Identify your contact person
Identify the appropriate contact person listed in the RFP and reach out to them with your questions. This could be a project manager or procurement officer. Remember: they are just another human, and chances are high they want to help you succeed!
To the point
Demonstrate your interest and commitment to the project, but do it in a concise way. Avoid lengthy explanations or extraneous information that may confuse the recipient.
Outshine the competition
Identify your competition and assess their strengths and weaknesses. This will help you identify areas where your team can differentiate itself and provide value to the client. Asking tactical questions leveraging this knowledge of strengths and weaknesses can steer the bid in your favour.
Create the proposal
Develop a proposal outline
A proposal outline provides a structure for your proposal and helps you ensure that you cover all the necessary sections. Your proposal outline should include the cover letter, executive summary, introduction, project description, timeline, budget, qualifications, and conclusion. This outline will guide you as you write your proposal.
Write a compelling executive summary
The executive summary is one of the most important parts of your proposal. It is a brief overview of your proposal, and it should provide the reader with a clear understanding of what you are proposing. The executive summary should highlight the key benefits of your proposal and why it is the best solution for the client.
Address all requirements. Respond to each question asked and providing all the information requested.
- Be honest. If you don’t fully comply with a requirement, it’s better
- Highlight your qualifications and expertise in the area of the project. This may include a description of your team's experience, qualifications, and certifications.
- Using visuals such as charts, graphs, and diagrams can help to illustrate your proposal and make it more engaging and understandable for the reader.
- Provide examples of similar projects you've worked on in the past. Share case studies or testimonials from satisfied clients to demonstrate your track record of success.
Before submitting your proposal, make sure to edit and proofread it thoroughly. The response should be well-organized and easy to read. Use headings, bullet points, and other formatting tools to make your proposal easy to navigate. But be aware: some proposals require you to follow certain formatting.
Ensure that there are no errors or typos that could undermine the credibility of your proposal.

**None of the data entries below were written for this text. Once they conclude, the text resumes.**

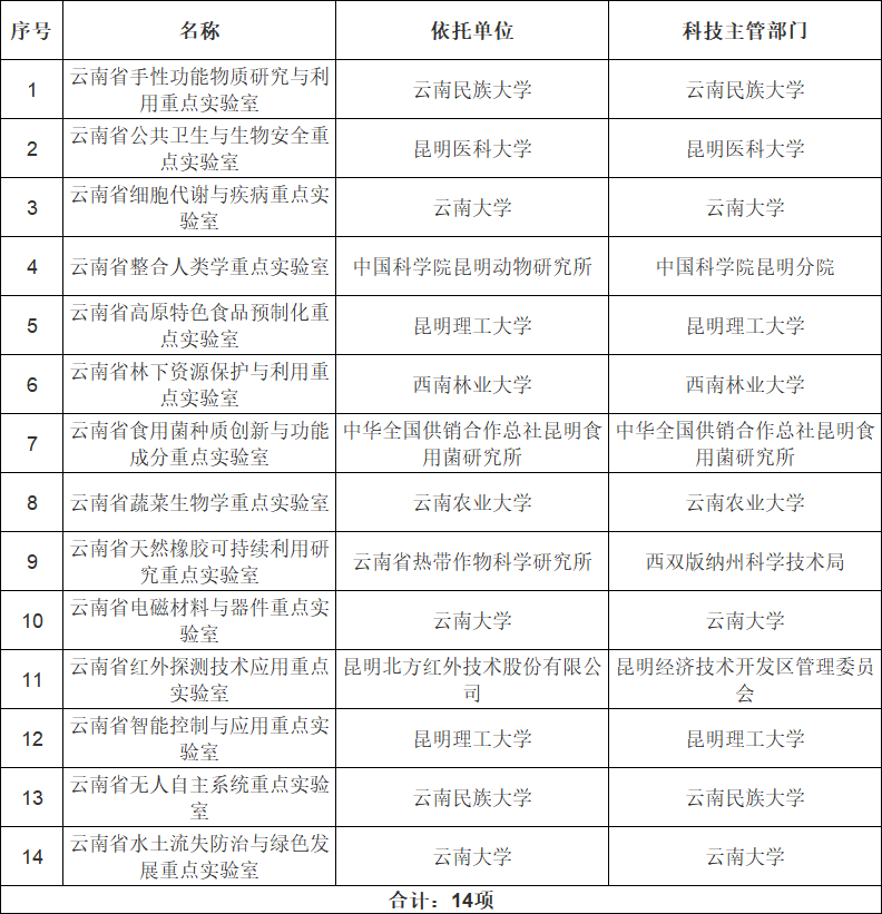 14个省重点实验室
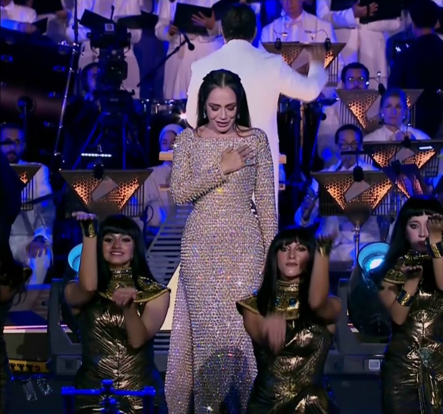 من تصميم إيلي صعب إلى الفن الفرعوني.. قصة فستان شريهان في حفل المتحف المصري الكبير (صور وفيديو)
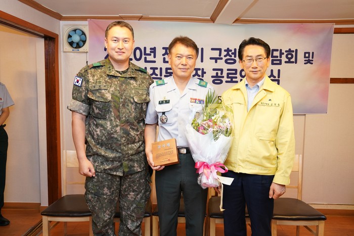 김영종 서울 종로구청장은 최근 ‘2020년 상반기 예비군동대장 간담회’에 참석했다. 이날 김 구청장은 6.25전쟁 70주년 맞아 지역 예비군동대장을 격려하고, 공로연수에 들어가는 사직동 임종수 동대장에게 감사패를 전달했다. 사진은 김 구청장(오른쪽)과 임 동대장(가운데), 김병재 219보병연대 1대대장(왼쪽)의 기념촬영 모습. (사진제공=종로구청)
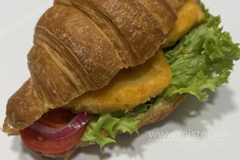 Круасан із хрусткими курячими нагетсами, свіжим листям салату та соковитим помідором.

Seek professional copywriting support if you require it.
Refine your process
Take feedback to heart
Review the feedback you received from the client after submitting your proposal. Look at the areas where you fell short and work on improving them. Incorporate any feedback received into your RFP response process.
Analyse your data
Collect and analyze data from your past RFP responses. Look for patterns and trends that can help you improve your process. For example, analyze the types of questions that are commonly asked, and ensure that you have a robust process for addressing them.